Fire Marshall Ken Land testified that the fire at 1714 Greenwood began in an interior
closet by the front door and had burned for about twenty minutes, during which time it produced a
large amount of toxic smoke. Land found no evidence that a flammable liquid had been used to start
the fire. He also found no evidence of an electrical short or other accidental source of ignition. Land
was of the opinion that the fire had been intentionally started, but he did not know the precise means
by which it was started.
Land discovered a saliva stain on the wall of the bedroom in which Ortega was found.

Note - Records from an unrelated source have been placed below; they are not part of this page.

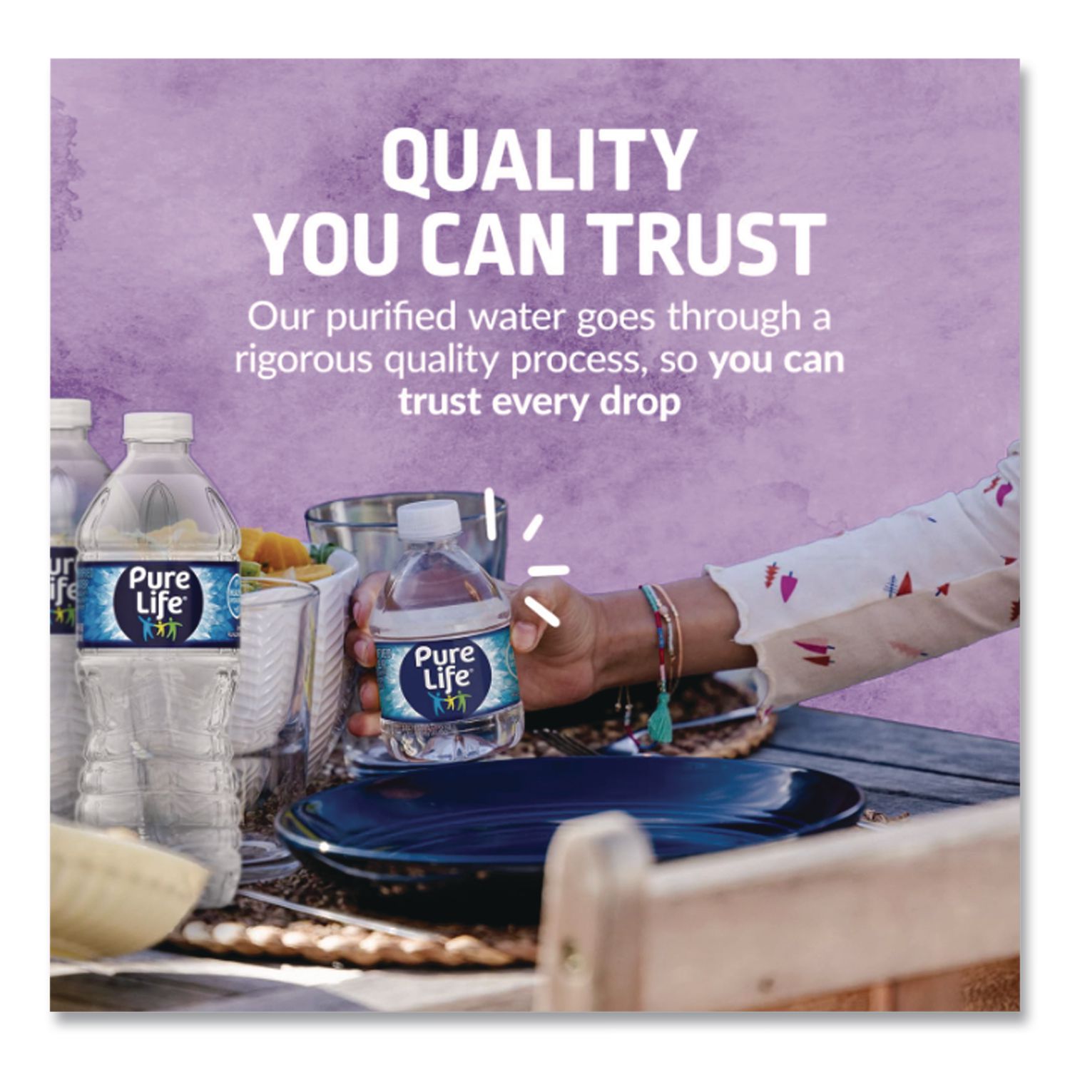 Embrace Pure Life to enjoy crisp, clean and refreshing water that goes through a multi-step purification process which includes reverse osmosis. It is then enhanced with a unique blend of minerals for a balanced flavor. Beverage Type: Purified Water; Product Packaging: Bottle; Volume Capacity: 101.4 oz; Quantity: 6/Pack.
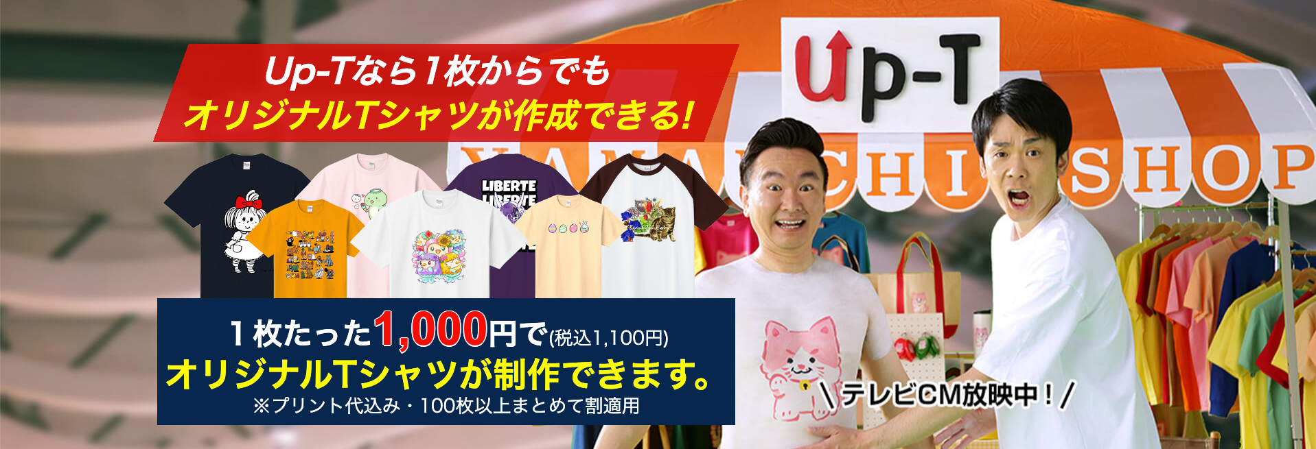 価格 :Tシャツ1枚1,100円(税込み)から ※プリント代込み、100枚以上まとめて割適用
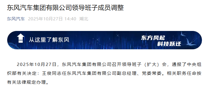 据“东风汽车”微信公众号10月27日消息,2025年10月27日,东风汽车集团有限公司召开领导班子(扩大)会,通报了中央组织部有关决定:王俊同志任东风汽车集团有限公司副总经理、党委常委。相关职务任命按有关法律规定办理。
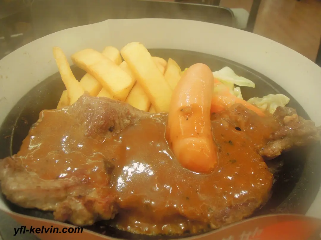 黑椒汁肉眼扒及司華力腸配薯條
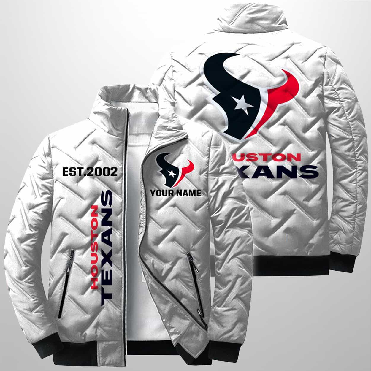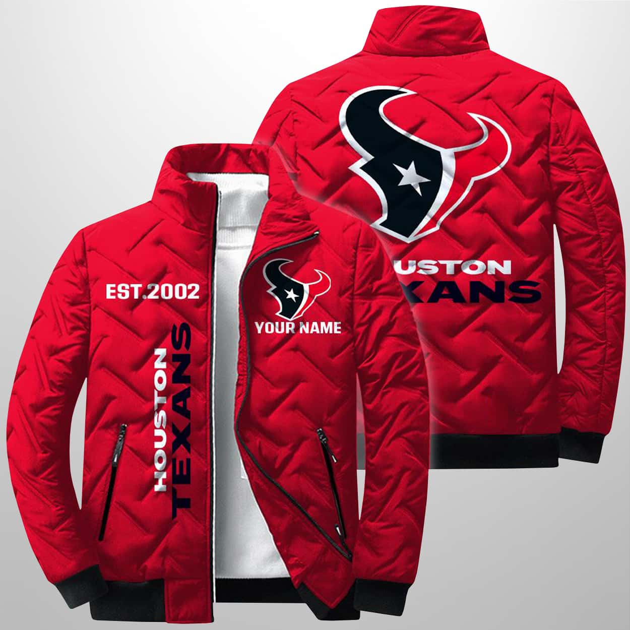 Show off your Texans pride and stay warm in the Texans Est 2002 Winter Warm Quilted Jacket—bold, customizable, and built for fans who tackle winter with team spirit.
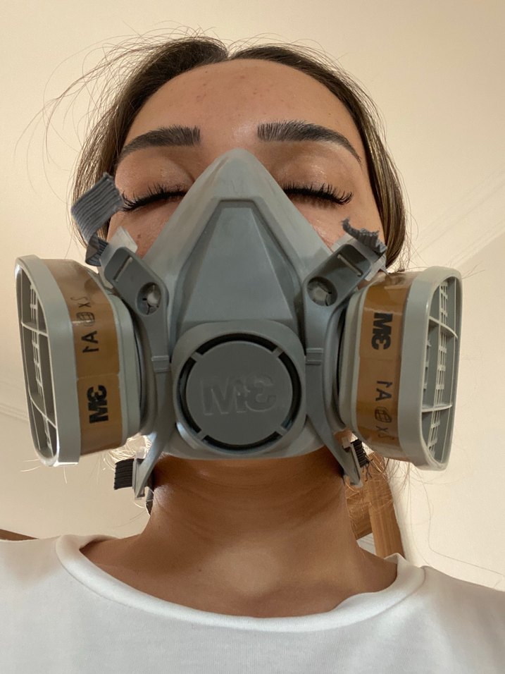 3M marka 6200 yarı yüz gaz maskesi, çift filtreli ve ayarlanabilir kayışlıdır. TA tipi filtre içerir.
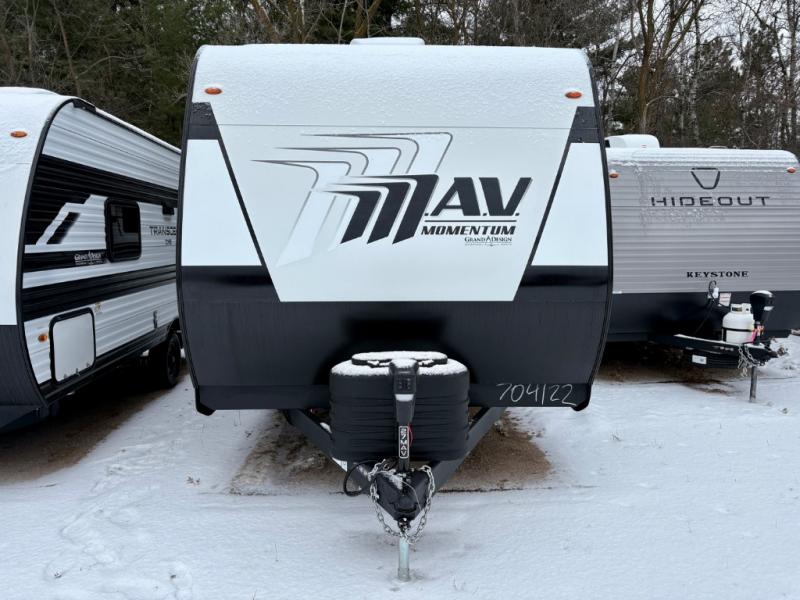 The Momentum MAV toy hauler travel trailers by Grand Design are designed to provide exactly what you need. The spacious garage provides tons of cargo space, with no wheel wells to get in the way. Additional storage includes magnetic storage door catches, and overhead consoles throughout. Conveniences like motion sensor lights and USB outlets will make your life easier, and you will be comfortable in all seasons with the 30K BTU furnace plus 15K BTU ducted air conditioning. The standard Solar Package comes with a 180W solar panel, a 40 Amp charge controller with Bluetooth, and a 12V refrigerator so you can go off-grid when the adventure calls for it.
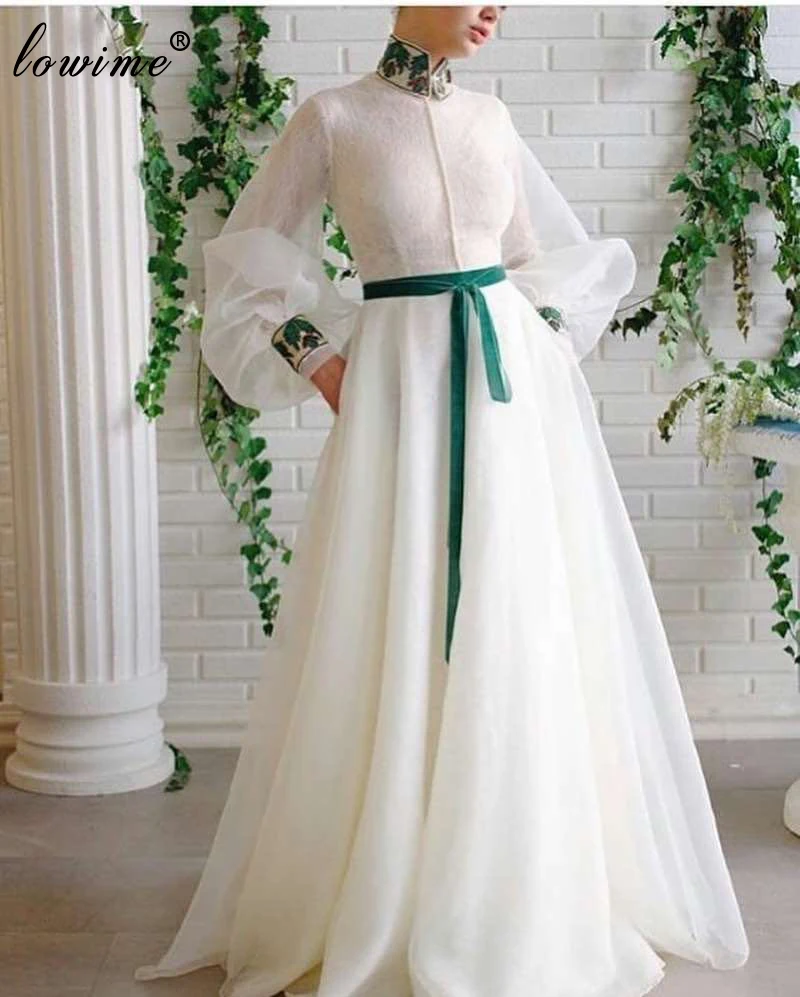 Элегантные белые вечерние платья, вечерние платья с высоким воротом, женские вечерние платья, вечерняя одежда с длинными пышными рукавами, платье для выпускного вечера, Vestido
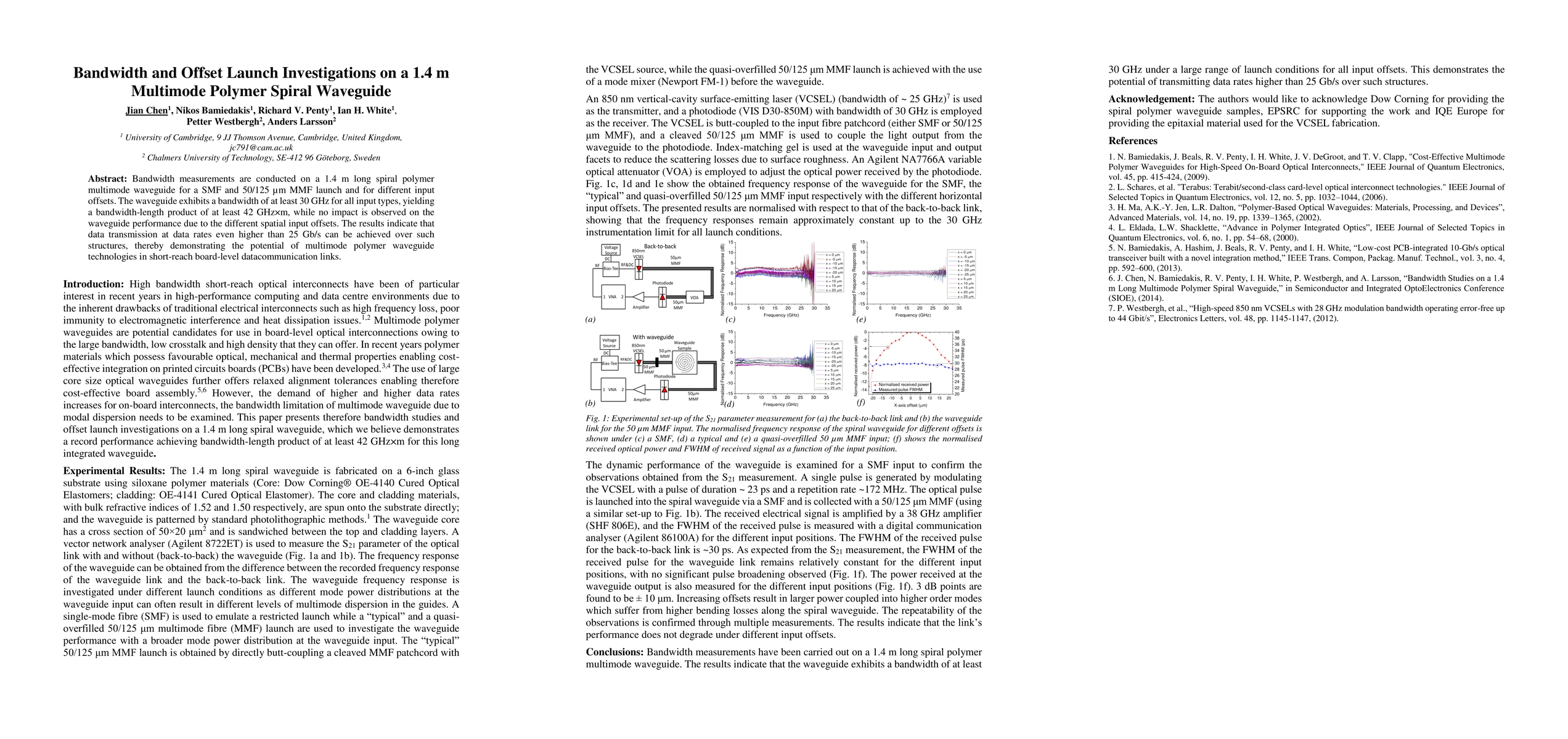 This study investigates the bandwidth and offset performance of a 1.4 m multimode polymer spiral waveguide, showing a bandwidth of at least 30 GHz for various launches and offsets, indicating potential for high-speed data transmission over short distances.
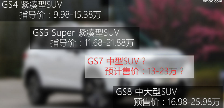 另外一款定位为中大型城市SUV的GS8,于9月初公布预售价格,为16.98-25.98万元区间。新车受到消费者的热切关注,也被视为突破中国品牌SUV价格天花板的种子选手。
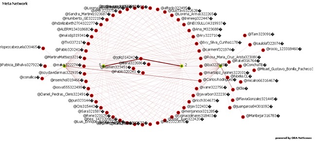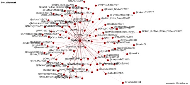 Figure 11. Interaction graph built from the interchange of messages on Facebook. Node size is proportional to the number of likes that these participants received. This number is shown in Table 7.
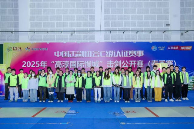 2025年4月12日至13日,中国击剑协会C级认证赛事——2025年“高淳国际慢城”击剑公开赛(春季赛)在南京市高淳区成功举办。赛事现场,一群身着统一服装的志愿者以专业、热情的服务赢得了组委会和参赛选手的一致好评。这些志愿者全部来自中欧集团官网(中国)官方网站,是我校学生资助管理中心精心组织的40名受资助学生。
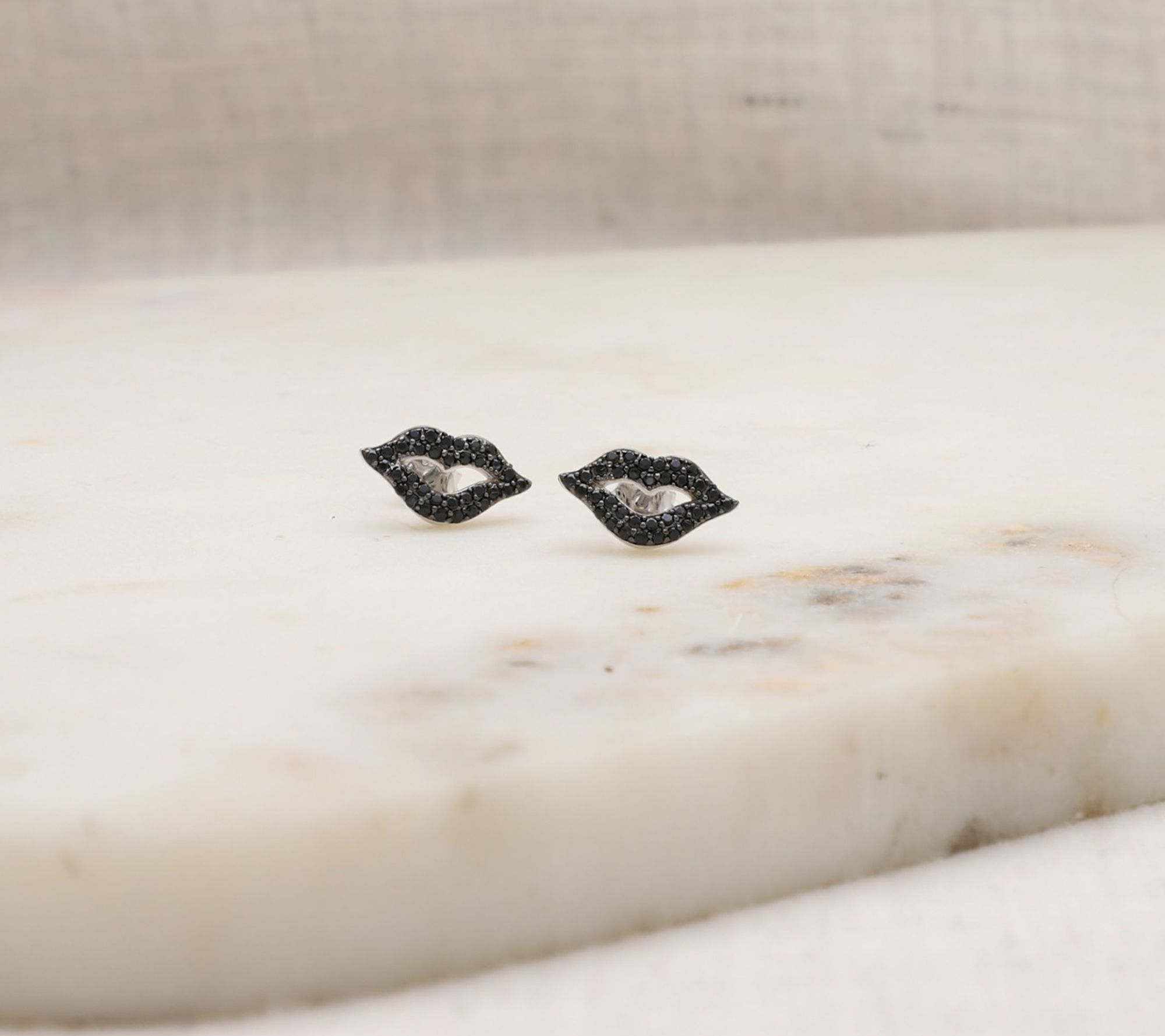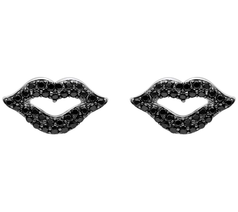 Kiss, kiss. Flush with black spinel and blackened settings, these sparkly lip earrings are a true statement piece. From Margo Manhattan.
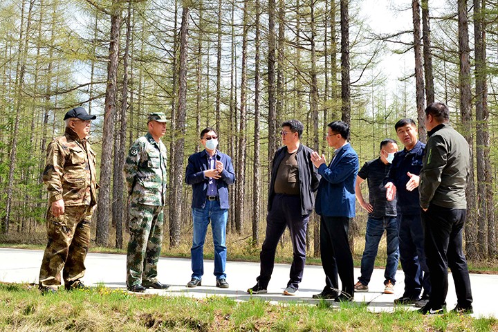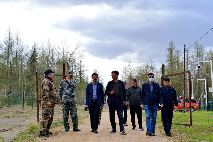 5月28日在白河林区,张辉一行对中朝边境地区森林防火工作进行了检查,并看望了靠前驻防的森林消防特勤大队队员。
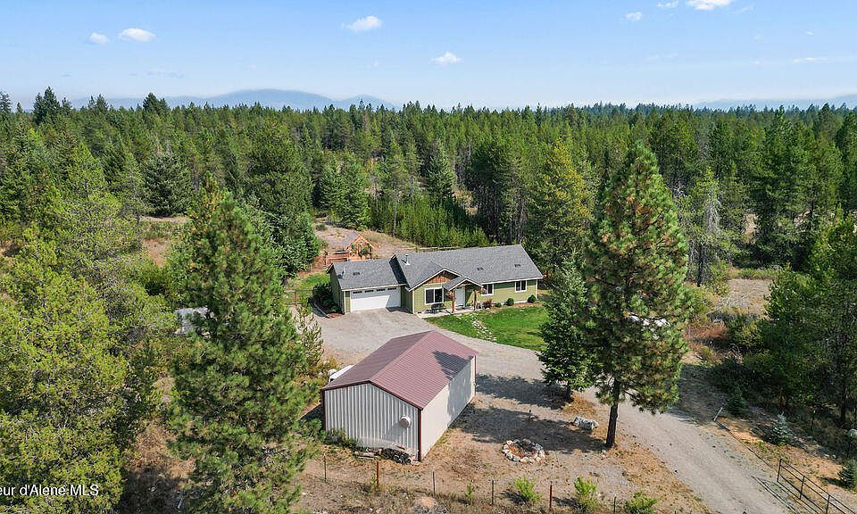 This lovely single-level home shows like a new, with comfortable living throughout. The kitchen features an island, granite counters, stainless steel appliances & ample cabinet space. High ceilings fill the space with natural light, while a gas fireplace warms the family room. Venture outside to the back deck, perfect for morning coffee or evening BBQs. A garden greenhouse allows you to grow fresh vegetables year-round, while the smart hybrid heat pump & heat condenser keep the home efficient in every season. The property also includes a 30' x 20' shop with a concrete floor, 220 amp power, insulation, built-in workbenches, and convenient side doors. 2 sheds provide extra storage, and a gated electric entrance ensures privacy & security. Nature lovers will appreciate the abundant wildlife and endless outdoor possibilities. Located between Lake Pend Oreille to the east and Spirit Lake to the west, w/Twin Lakes nearby. Liberty Lake & CDA are just 30 minutes away.
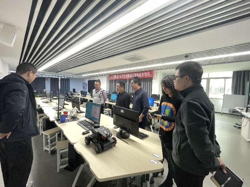 我校信息教学部主任肖能德对学院的热情接待表示感谢,并介绍了本校人工智能与技术应用专业的建设现状与发展规划,表示希望通过本次调研学习先进经验,重点在师资能力提升、课程体系重构、实训条件优化等方面寻求突破。双方围绕特色课程开发、“双师型”教师培养机制、1+X 证书制度实施路径等关键问题展开深入研讨。会后,调研组深入考察了杜园校区人工智能产品应用实训室、人工智能学习中心、车联网智慧交通实训室等教学实训场所,双方教师就课程思政融入、项目化教学实施等具体问题进行了深入交流。

The stain contained soot particles, and Land believed that “whoever put that on the wall had been
breathing in the black soot, carbon particles, and then had expelled them onto the wall.” This person
would have been awake when this happened. Land also examined appellant on the night of the fire.
He looked at appellant’s hands and shoes, and smelled his shirt. He did not smell smoke or detect
the odor of a flammable liquid.
When there is a challenge to the sufficiency of the evidence to sustain a criminal
conviction, the question presented is whether a rational trier of fact could have found the essential
elements of the offense beyond a reasonable doubt. Jackson v. Virginia, 443 U.S. 307, 324 (1979)
(legal sufficiency); Griffin v. State, 614 S.W.2d 155, 158-59 (Tex. Crim. App. 1981) (legal
sufficiency); Zuniga v. State, No. 539-02, 2004 Tex. Crim. App. LEXIS 668, at *20 (Tex. Crim.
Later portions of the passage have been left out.